To investigate self-assessed oral health and oral health behaviours of adults in Tehran, Iran.
Methods:
Seven-digit numbers resembling real phone numbers were drawn using a two-stage stratified random technique to represent adults in Tehran. A total of 1,307 adults answered the calls by four trained interviewers, and 1,086 (83%) accepted to be interviewed. After excluding edentulous (n=18) respondents and those with no dental visit (n=67), the final sample comprised 1,001 subjects. Of them, 58% were women and 61% were under 35 years of age. The question about self-assessed oral health offered six options, later dichotomized as good or poor. Self-assessed need for dental treatment was later categorized as being major or minor. The interview also covered time since and reason for the most recent dental visit, frequency of tooth brushing and presence of gingival bleeding. Age, gender and level of education served as background information. Statistical analysis included Chi-square test and logistic regression.

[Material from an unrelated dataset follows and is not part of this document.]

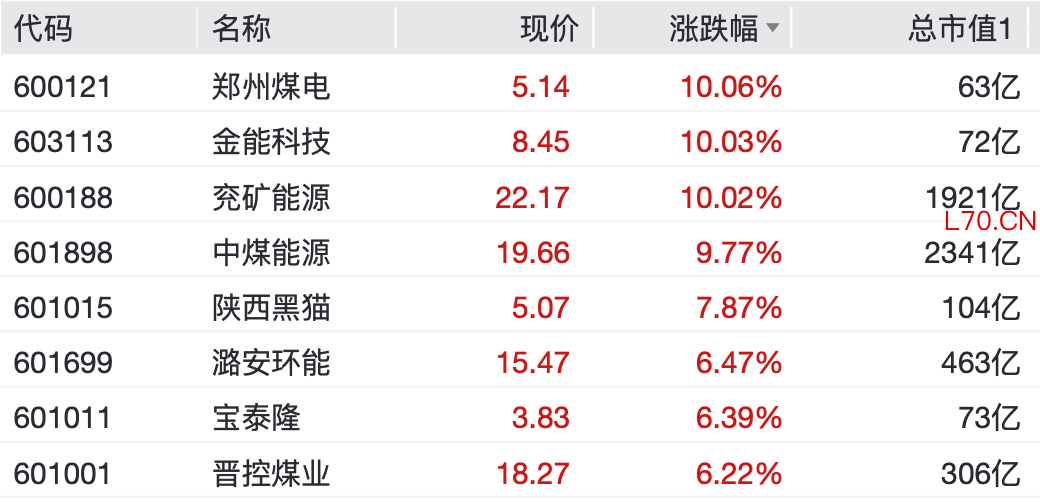中煤能源一度涨停,兖矿能源、郑州煤电、金能科技均涨停,中国神华涨超2%,陕西煤业涨超3%,潞安环能涨超6%,山西焦煤、淮北矿业、晋控煤业等涨幅居前。

Results: Of all, 48% assessed their oral health as poor with no difference by gender or age. Those with low level of education (61%) or income (60%) assessed their oral health as poor compared with 45% of those better off (p<0.01). Self-assessed need of dental treatment was major for 43% of all respondents being greatest (p<0.01) for those with low level of education (54%) or income (53%). Of all, 14% reported gingival bleeding, 57% less-than-daily tooth brushing and 84% dental problem as reason for their most recent dental visit. Logistic regression model showed that gingival bleeding (OR=2.5), problem-based dental visit (OR=2.0) or less-than-daily tooth brushing (OR=1.8) were related to respondents assessing their oral health as poor.
Conclusions: Self-assessed oral health was related to individual’s reported oral health behaviour and reason for dental visit.